Why does MySQL do this?

Enterprise Grade hardeware usually guarantees atomic block writes, even during catastrophic events. Blocks are, depending on the media, 512 bytes or 4096 bytes in size.

InnoDB, on the other hand, uses 16 KB blocks. So when writing data back to a table, it is entirely possible for the page write to be interrupted in the middle, resulting in a page that is half old and half new. This is often called a torn page.

Note that this is for checkpointing only.

When you insert and commit a thing, it is being written to one ib_logfile, and the change is also added to the in-memory image of the InnoDB page. So on disk, after commit you have an pre-change image of the page and an image of the change in the logfile, and in memory you have the changed page - such in-memory pages that differ from their on-disk counterpart are called dirty.

The checkpointing is about writing back the dirty page to the tablefile and getting rid of the log entry. This is being done for whole InnoDB pages, and with most filesystems it is an in-place update. So it can result in torn pages, if the write fails in the middle of a page.

With the doublewrite buffer enabled, the write goes to the ibdata file first, as we can see in the trace - the write to the position at 1M offset in the file. Then the same writes are being spread out to the individual pages in their respective tablefiles.

This ensures that there is always a whole old page and a log entry with intructions to patch the old image (“Redo Log Recovery”) or a whole image of the new page on disk inside the doublewrite buffer, for recovery of torn pages.

Performance Implications

Having a single doublewrite buffer can in extreme cases make the doublewrite buffer a point of contention.
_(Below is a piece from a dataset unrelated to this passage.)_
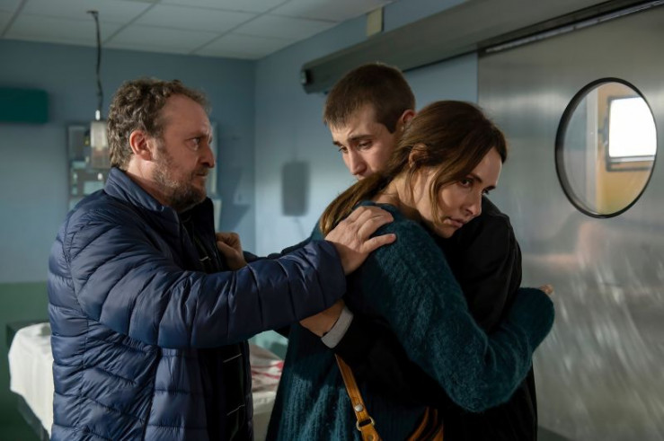 Santiagos Frau Laura (Patricia Vico, M.), sein Sohn Raúl (Lucas Nabor, r.) und sein Freund und Kollege Ramón Fernando Cayo, l.) sind schwer mitgenommen von dem zunächst spurlosen Verschwinden des Taxifahrers.

Percona have shown that a long time ago and also fixed this by having multiple doublewrite buffers.

Note that in most Unix filesystems, writes to a single file are serialized on a global lock on the in-memory inode of the file.
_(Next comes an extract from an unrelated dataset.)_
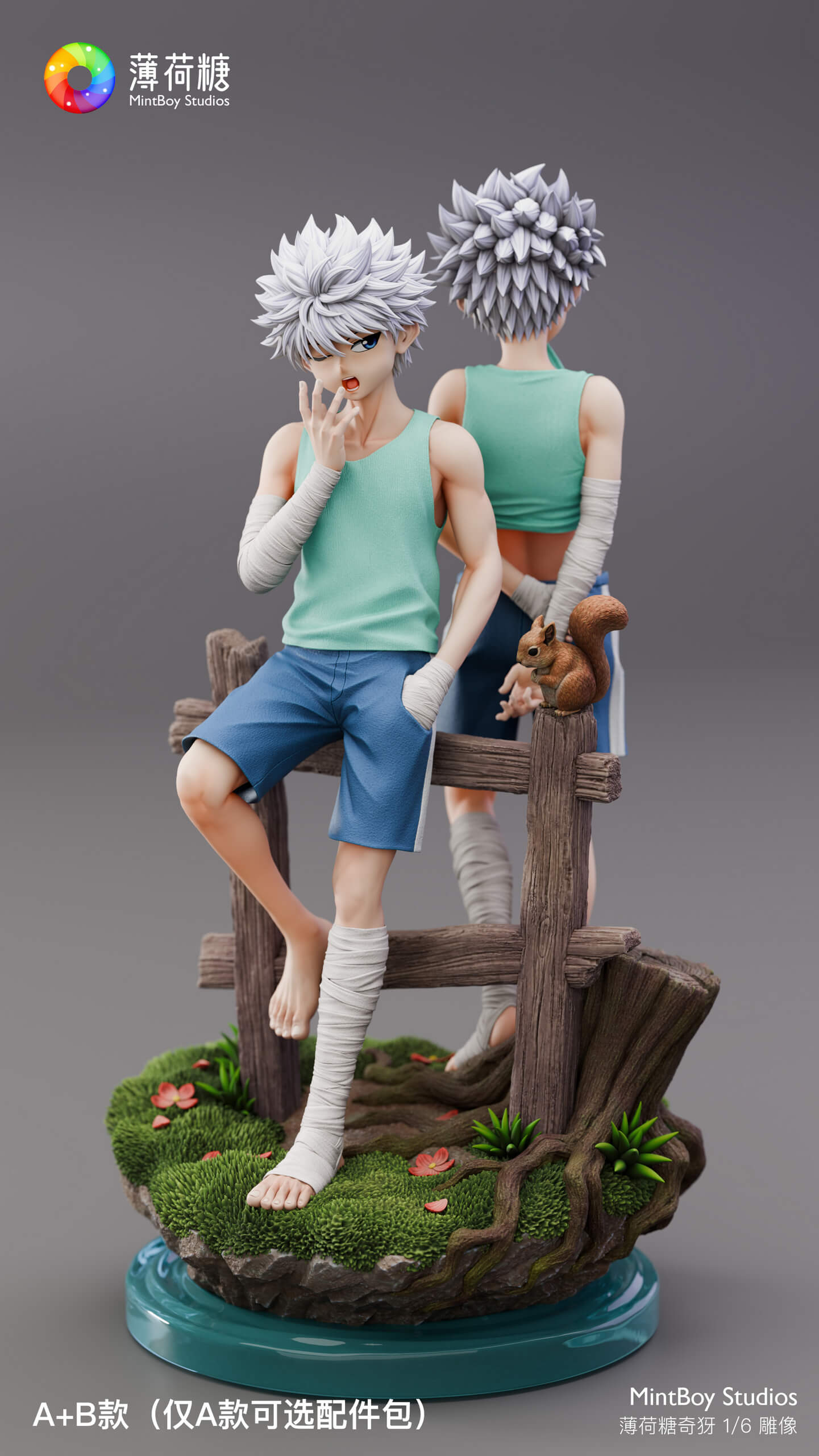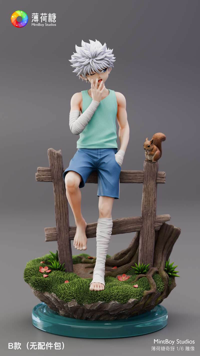 - Killua in standing pose — teal tank top lifted to expose bandaged torso, shorts, and wrapped lower leg

So if the doublewrite buffer is part of the ibdata file all writes to that buffer compete with all other write operations on that file. And even if you had multiple doublewrite buffers at different offsets in the same ibdata file, it would not improve things at all, because of that lock. The best solution would put each doublewrite buffer into a separate file on its own.

The only filesystem in Linux that does not do this in-memory inode locking is XFS, and only when the file is being opened in O_DIRECT mode.

How are other systems doing it?

Postgres writes a WAL, which is very similar to the redo log that MySQL writes. The main difference is that they write out a full page whenever a page transitions from clean to dirty, and then similar to MySQL write out incremental changes for additional changes to a page already dirty. Using the WAL, you can pick up the full page and all additional incremental changes by simply going through the WAL front to back, and recreate the page that should have been written. MySQL could do the same and get rid of the doublewrite buffer writes, but it does not play well with the concept of the MySQL Redo Log being a ring buffer.

MyRocks, and all other variants of LSM, do never overwrite data. They always append to the latest logfile, and then have a process not entirely unlike the Java multi-generational garbage collection to compact multiple logfiles, throwing away deleted data and writing things back in a more sorted manner. As this rewrites data instead of overwriting data, not only is this safe in the case of unexpected shutdowns, it is also very easy to backup and it is, at least in theory, suitable for object storages as a backing store for the data.